## GIVEN INFORMATION
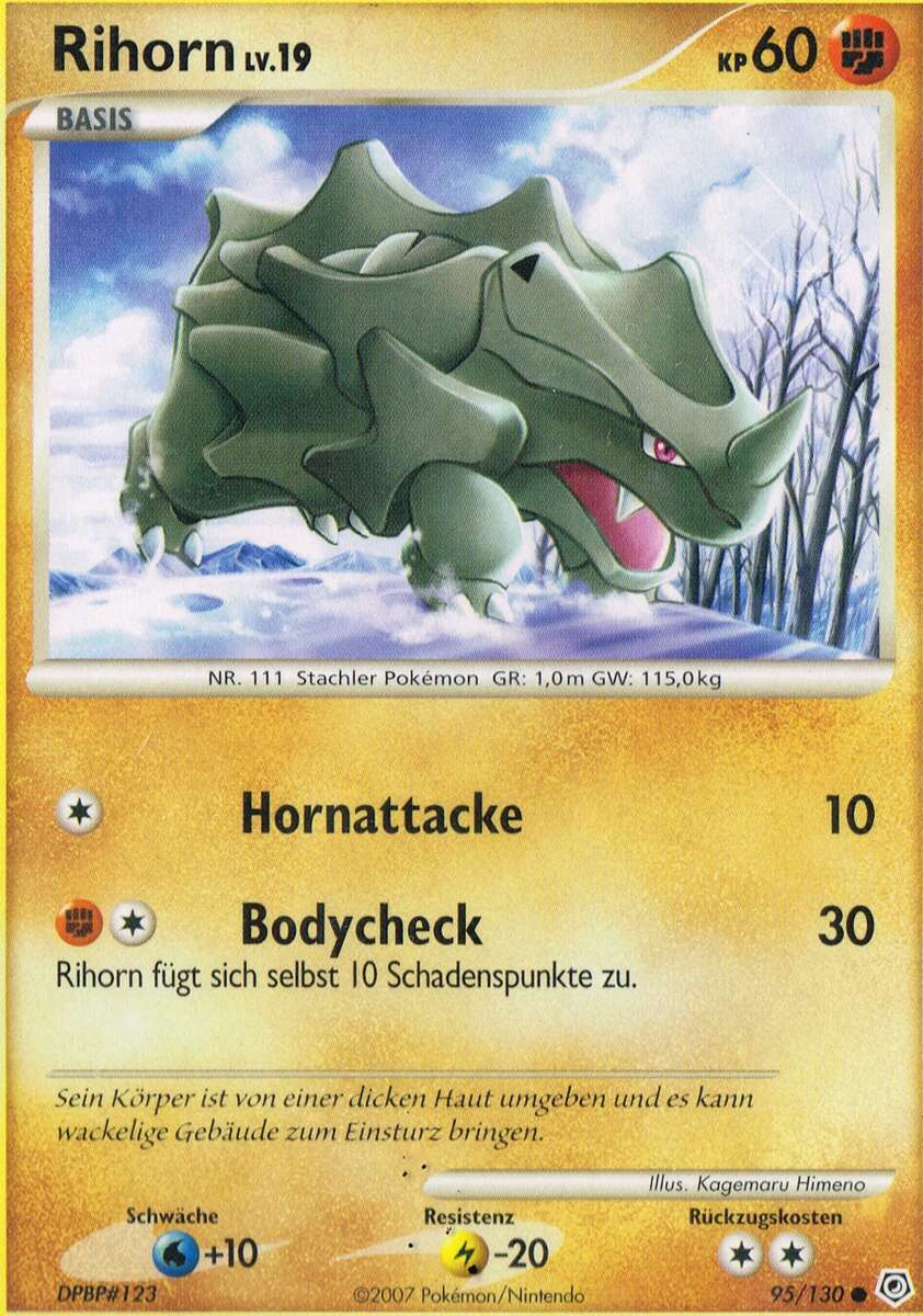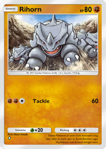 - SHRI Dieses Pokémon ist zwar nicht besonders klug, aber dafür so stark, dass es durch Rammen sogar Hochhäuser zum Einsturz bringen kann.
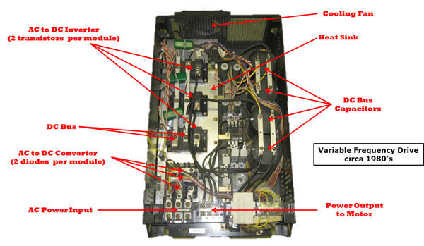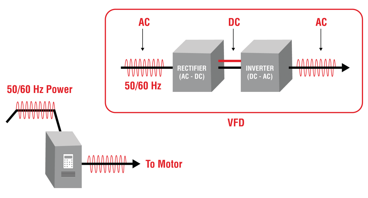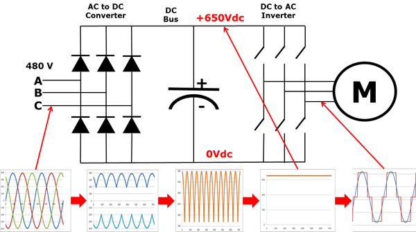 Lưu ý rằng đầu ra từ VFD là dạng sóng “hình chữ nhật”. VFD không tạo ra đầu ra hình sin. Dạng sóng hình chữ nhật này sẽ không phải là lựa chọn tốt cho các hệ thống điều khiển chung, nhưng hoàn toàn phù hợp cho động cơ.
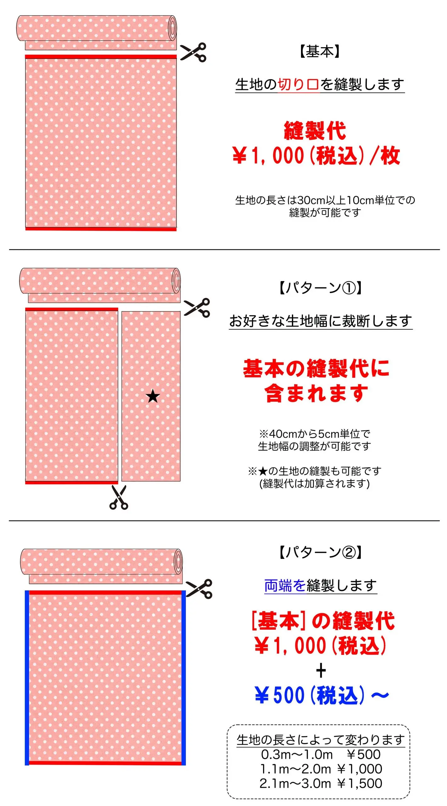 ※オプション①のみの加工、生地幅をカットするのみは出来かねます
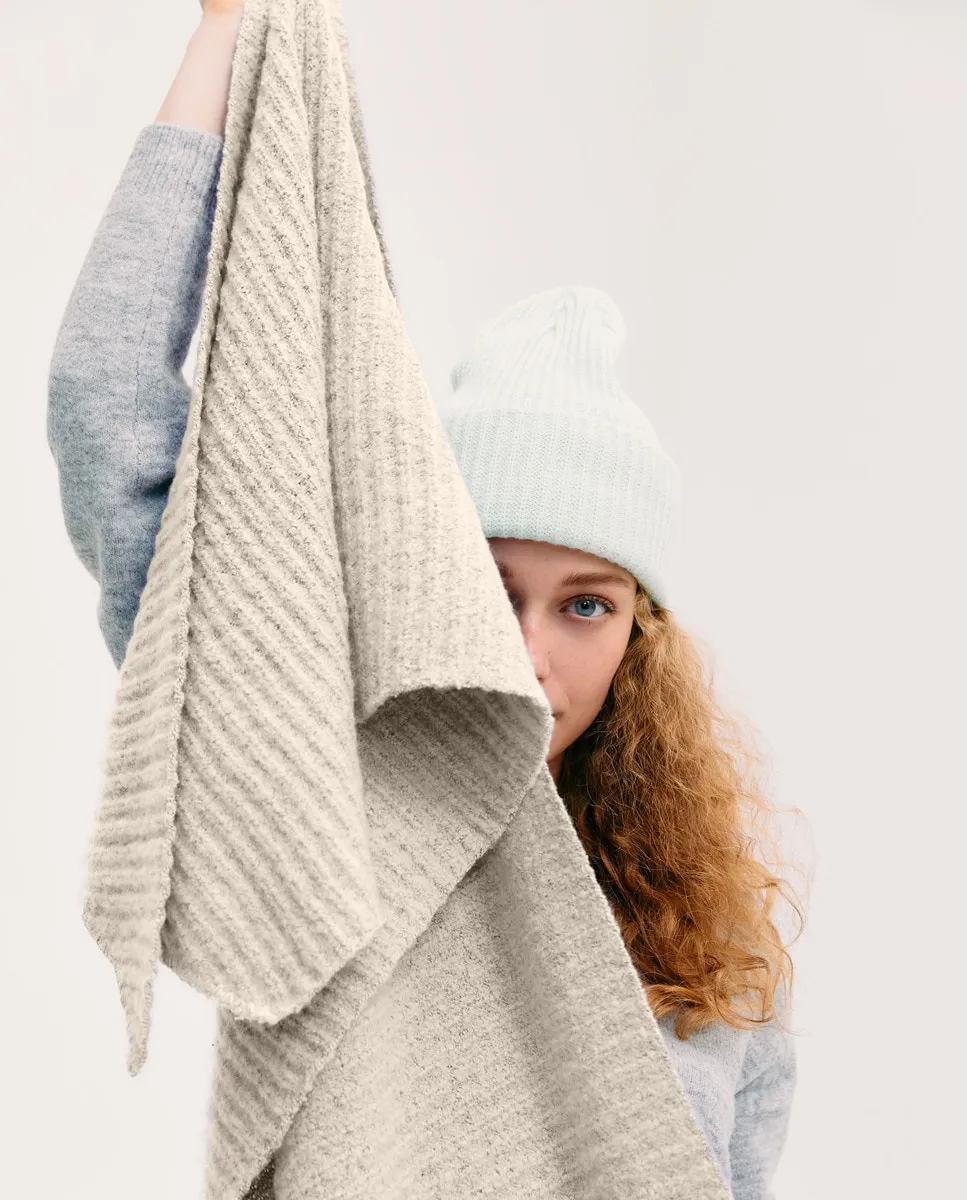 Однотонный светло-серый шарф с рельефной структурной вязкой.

## ABOUT THIS TASK
All the material above must be copied exactly, and no picture belongs in the copy.

## RESULT
 - SHRI Dieses Pokémon ist zwar nicht besonders klug, aber dafür so stark, dass es durch Rammen sogar Hochhäuser zum Einsturz bringen kann.
 Lưu ý rằng đầu ra từ VFD là dạng sóng “hình chữ nhật”. VFD không tạo ra đầu ra hình sin. Dạng sóng hình chữ nhật này sẽ không phải là lựa chọn tốt cho các hệ thống điều khiển chung, nhưng hoàn toàn phù hợp cho động cơ.
 ※オプション①のみの加工、生地幅をカットするのみは出来かねます
 Однотонный светло-серый шарф с рельефной структурной вязкой.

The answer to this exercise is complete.